Repeat everything from the first line of the listing below through the line that contains "I have always", exactly. Leave out pictures.

*** Dataset entries ***

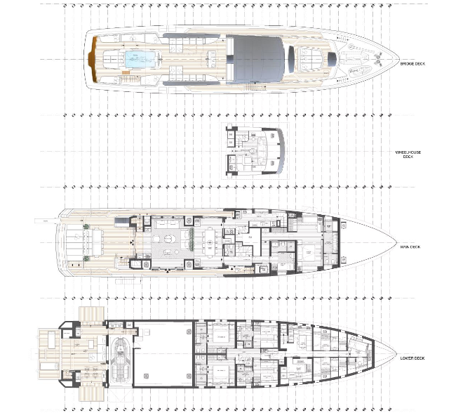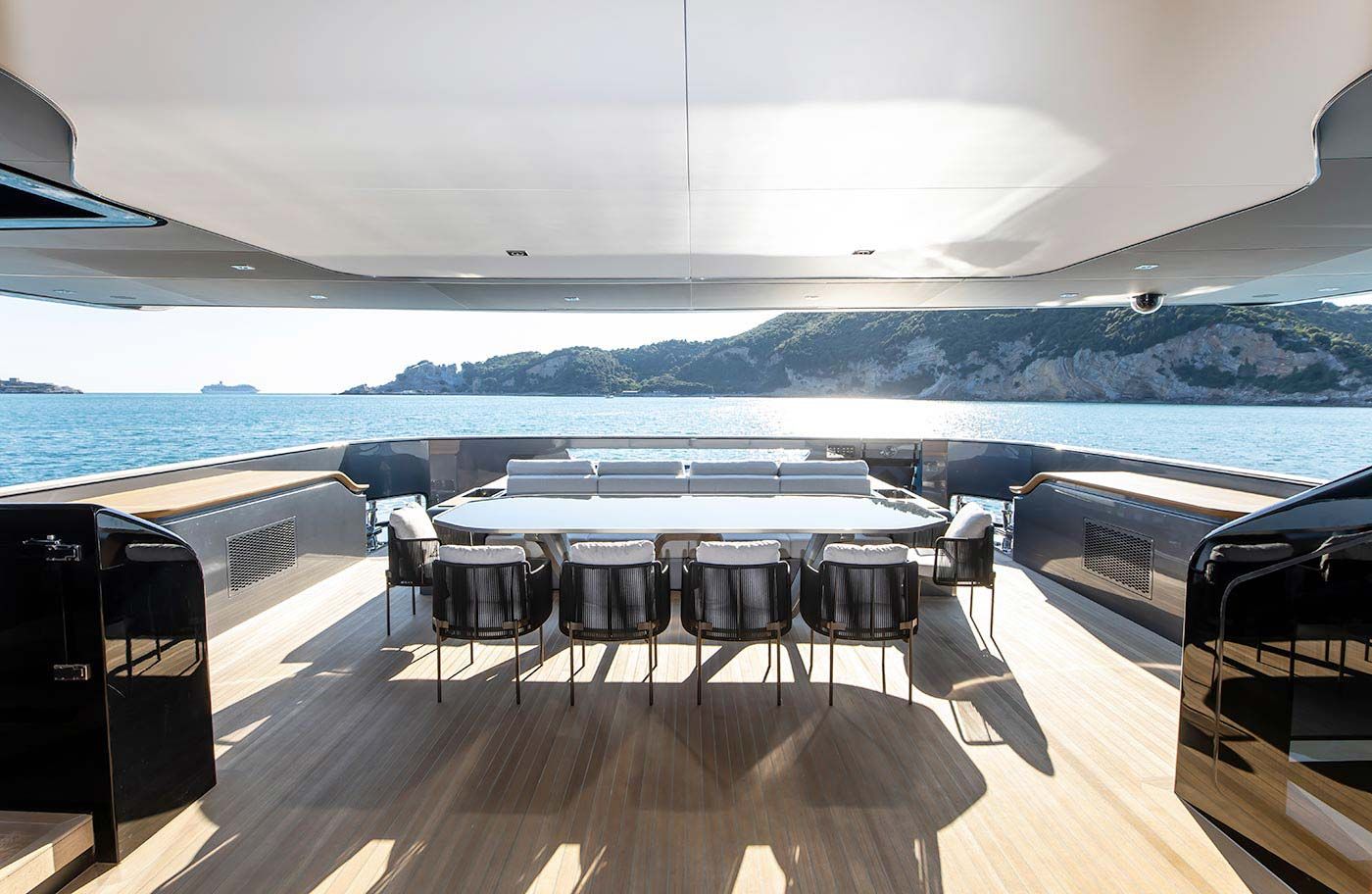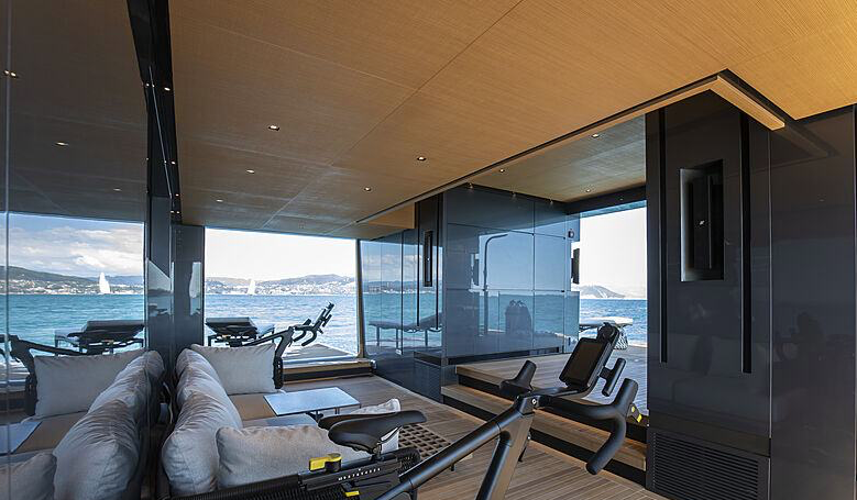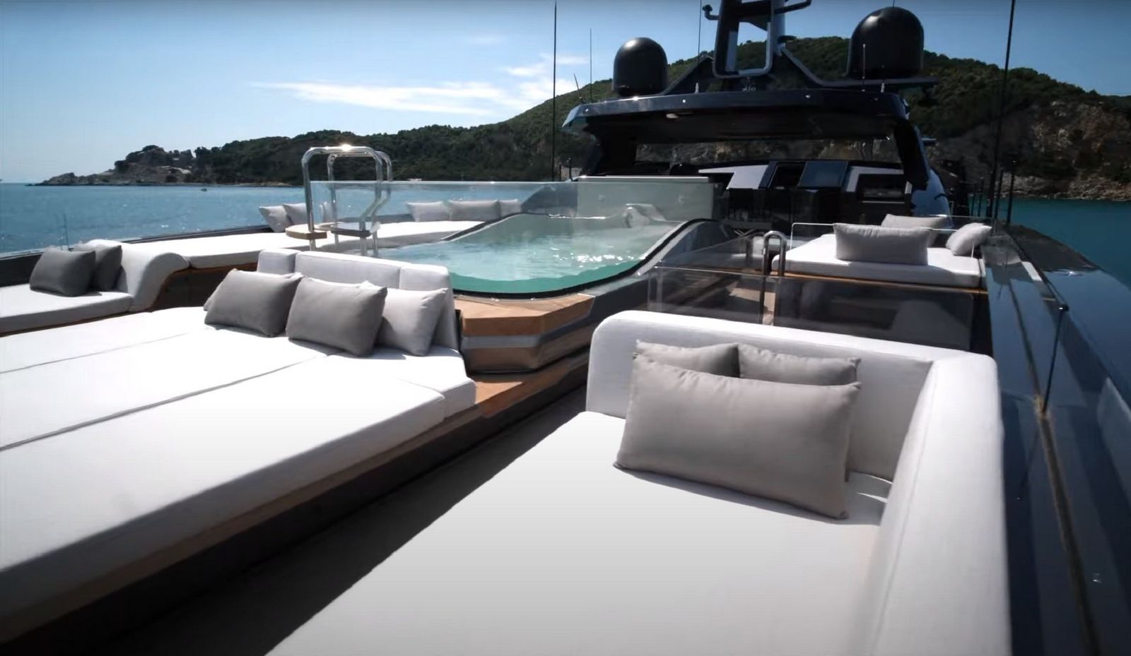 Features: Full beam stateroom with electric folding side balconies / Hamman spa / Beach club platform / Semi-float-in tender garage / Infinity pool with counter current swimming system
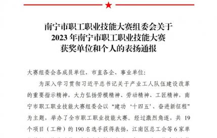 喜报!集团公司12名选手在2023年南宁市职工职业技能大赛中获表扬
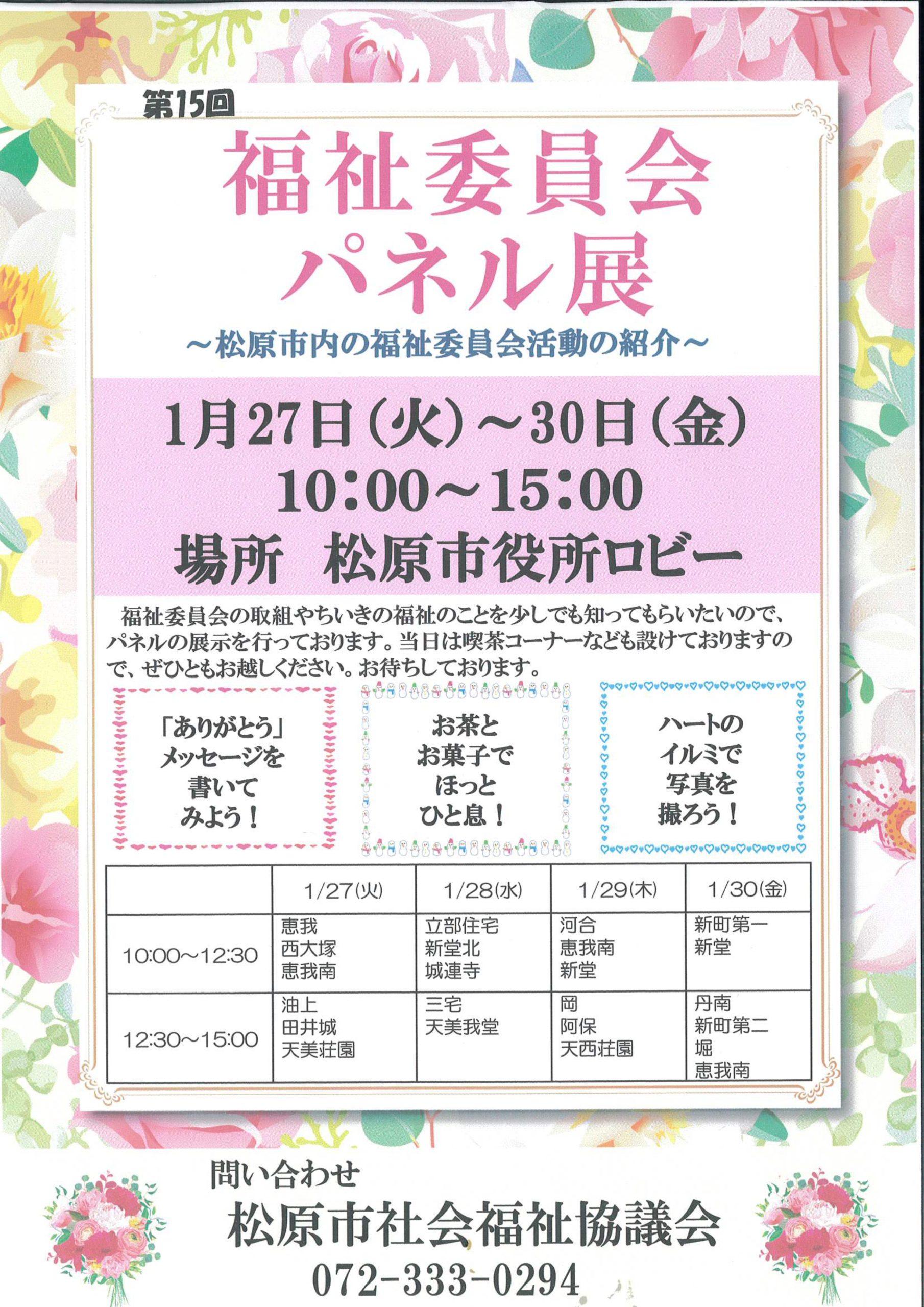 「第15回 福祉委員会パネル展」**が、松原市役所ロビーで開催されます。
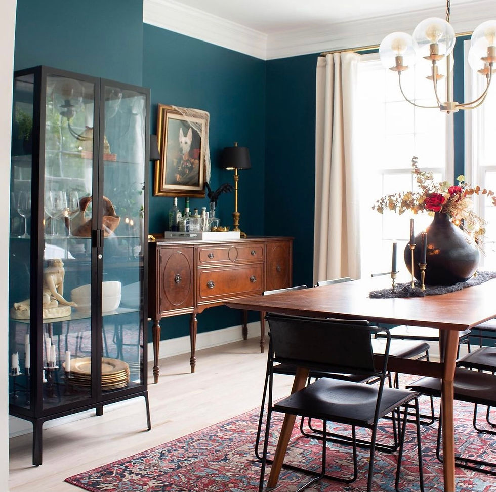 I have always been drawn to jewel tones, but I am always cautious to add too much color to our walls (team white walls for life!), but I figured a small space like this could handle a fun, bold color. I was inspired by the color of Cass Makes Home dining room and these photos from Pinterest.
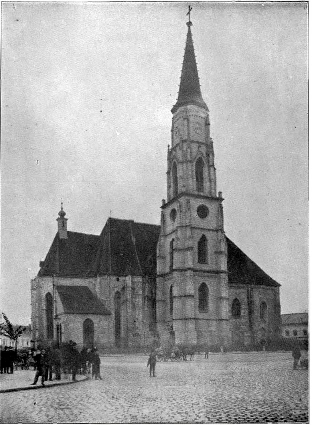 Kolozsvárnak  a XIV. században kiépült hatalmas négyszögű piacterén a feltételezések szerint már a század elején állt egy Szent Mihályról elnevezett templom, aminek a helyén a század közepén egy nagyobbat kezdtek építeni. Az építkezésről az első irat 1349-ből származik, befejezését a nyugati kapun lévő 1444-es évszám jelzi. A templomot 1489-ben tűzvész károsította, majd  még Mátyás király uralkodása alatt restaurálták. A helyreállítás hátráltatta az északi oldalra helyezett  torony befejezését, amit az 1511–1545 közötti időszakra  tesznek.  E  torony az 1697-es tűzvészben elpusztult és csak 1742-1744 között építették újjá barokk stílusban, majd 1763-ban villámcsapás és földrengés károsította, ezért le kellett bontani. A jelenleg is látható neogótikus torony alapkövét 1837-ben tették le és 1859-ben készült el.  (A templom ábrázolása a mai napig szinte kivétel nélkül a déli homlokzat felől történik, ami köszönhető egyrészt az ottani Mátyás-emlékmű nagyon jól illeszkedő látványának, másrészt annak, hogy északról tekintve a torony hatalmas tömbje aránytalannak tűnik.)
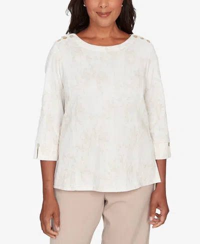 Petite Saratoga Springs Raised Texture Floral Design Knit Top In White
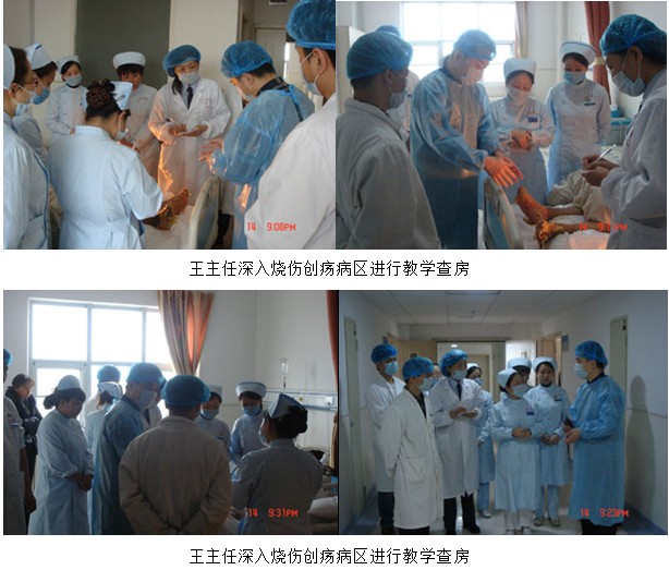 2013年4月15日上午9時(shí),王主任應(yīng)邀再次來(lái)到該醫(yī)院燒傷創(chuàng)瘍手外科病房對(duì)在該科室住院的燒傷創(chuàng)瘍患者進(jìn)行教學(xué)查房,并應(yīng)邀親自為1例雙足及小腿深度燒傷患者進(jìn)行清創(chuàng)換藥,向該科室的醫(yī)護(hù)人員展示再生醫(yī)療技術(shù)規(guī)范的創(chuàng)面清創(chuàng)換藥技術(shù),帶教結(jié)束后,王主任在該科室會(huì)議室又對(duì)該科室的醫(yī)護(hù)人員進(jìn)行再生復(fù)原療法在特重度燒傷系統(tǒng)治療要點(diǎn)進(jìn)行技術(shù)培訓(xùn)和交流。通過(guò)此次培訓(xùn),該科室的全部醫(yī)護(hù)人員基本掌握了再生醫(yī)療技術(shù)的規(guī)范化操作,對(duì)該科室的發(fā)展起到了重要作用。

*** End of Dataset entries ***

• Solution to the exercise
 Features: Full beam stateroom with electric folding side balconies / Hamman spa / Beach club platform / Semi-float-in tender garage / Infinity pool with counter current swimming system
 喜报!集团公司12名选手在2023年南宁市职工职业技能大赛中获表扬
 「第15回 福祉委員会パネル展」**が、松原市役所ロビーで開催されます。
 I have always been drawn to jewel tones, but I am always cautious to add too much color to our walls (team white walls for life!), but I figured a small space like this could handle a fun, bold color. I was inspired by the color of Cass Makes Home dining room and these photos from Pinterest.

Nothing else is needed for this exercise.